2. Shri Balbir Singh, Id. Advocate, submitted, that a show cause notice was issued to them for demanding the duty in respect of cotton waste cleared by them to Domestic Tariff Area; that the Additional Commissioner under the Adjudication Order No. 89/97 dropped the demand holding that the Cotton Waste cleared by a 100% Export Oriented Unit is exempted from payment of duty under Notification No. 8/96-C.E., dated 23.07.1996; that on appeal preferred by the Revenue the Commissioner (Appeals), under the Impugned Order set aside the Adjudication Order and confirmed the demand holding that a 100% EOU is to be treated as if it exists outside India and the duty is to be charged as if the goods are imported into India; that Notification No. 8/96 exempts such goods from the Central Excise duty only and in absence of clear cut exemption for duties of Customs, it cannot be stretched that the Notification allows exemption for basic customs duty and special customs duty. The Id. Advocate, further, submitted that the duty payable by a 100% EOU in respect of goods cleared to the Domestic Tariff Area is the excise duty which is equivalent the aggregate of the duties of customs on like goods manufactured outside India if imported into India; that as Notification No. 8/96 exempts the Central Excise Duty no duty can be charged from them; that goods cleared by a 100% EOU are not regarded as imported goods and as such no exemption Notification under Customs Act is required to be issued exempting the Customs Duty.

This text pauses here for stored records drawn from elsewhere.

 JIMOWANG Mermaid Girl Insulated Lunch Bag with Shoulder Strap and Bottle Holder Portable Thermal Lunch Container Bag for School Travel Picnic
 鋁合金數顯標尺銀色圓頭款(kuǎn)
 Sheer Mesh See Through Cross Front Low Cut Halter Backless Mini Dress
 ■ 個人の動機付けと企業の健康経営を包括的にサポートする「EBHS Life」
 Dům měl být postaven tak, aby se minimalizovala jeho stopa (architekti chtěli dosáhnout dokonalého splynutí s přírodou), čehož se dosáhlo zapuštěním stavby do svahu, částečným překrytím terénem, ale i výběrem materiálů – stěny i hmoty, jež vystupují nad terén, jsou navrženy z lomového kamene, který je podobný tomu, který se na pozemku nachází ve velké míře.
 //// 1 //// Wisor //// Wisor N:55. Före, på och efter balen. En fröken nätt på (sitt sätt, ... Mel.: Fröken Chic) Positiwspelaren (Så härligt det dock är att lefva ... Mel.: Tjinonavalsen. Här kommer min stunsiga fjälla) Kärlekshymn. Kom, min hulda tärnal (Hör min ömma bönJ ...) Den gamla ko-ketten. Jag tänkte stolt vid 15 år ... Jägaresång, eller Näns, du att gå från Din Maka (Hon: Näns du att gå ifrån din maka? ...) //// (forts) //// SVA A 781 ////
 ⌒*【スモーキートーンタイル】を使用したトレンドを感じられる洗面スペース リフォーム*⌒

3. Dr. Ravinder Babu, Id. DR, countered the prayer by reiterating the findings of the Commissioner (Appeals).

4. We have considered the submissions of both the sides. A 100% Export Oriented Unit has to pay Central Excise Duty if the goods manufactured by it are removed to any place in India and duty payable by them is levied and collected under Section 3 of the Central Excise Act. Section 3 of the Central Excise Act provides that duty of excise, which shall be levied and collected on any excisable goods manufactured by a 100% Export Oriented Unit and allowed to be sold in India, shall be an amount equal to the aggregate of duties of Customs leviable on like goods when imported in to the Country. SI. No. 52.1 of the Table annexed to Notification No. 8/96 provides Nil rate of duty to all goods falling under Heading No. 52.02 of the Schedule to the Central Excise Tariff and manufactured by a 100% Export Oriented Unit and allowed to be sold in India. The applicants have thus made out a strong the prima facie case in their favour. Further, in their own case as reported in 2000 (115) E.L.T. 153 (Winsome Yarn Ltd. v. CCE, Chandigarh) and relied upon by the Commissioner (Appeals), does not appear to be applicable to the facts of the present case as the relevant Notification therein was 2/95-C.E. which provided a concessional rate of duty to the clearances made by 100% EOU to Domestic Tariff Area. Accordingly we waive the requirements of pre-deposit of the entire amount of duty and stay the recovery of the same during the pendency of the appeal.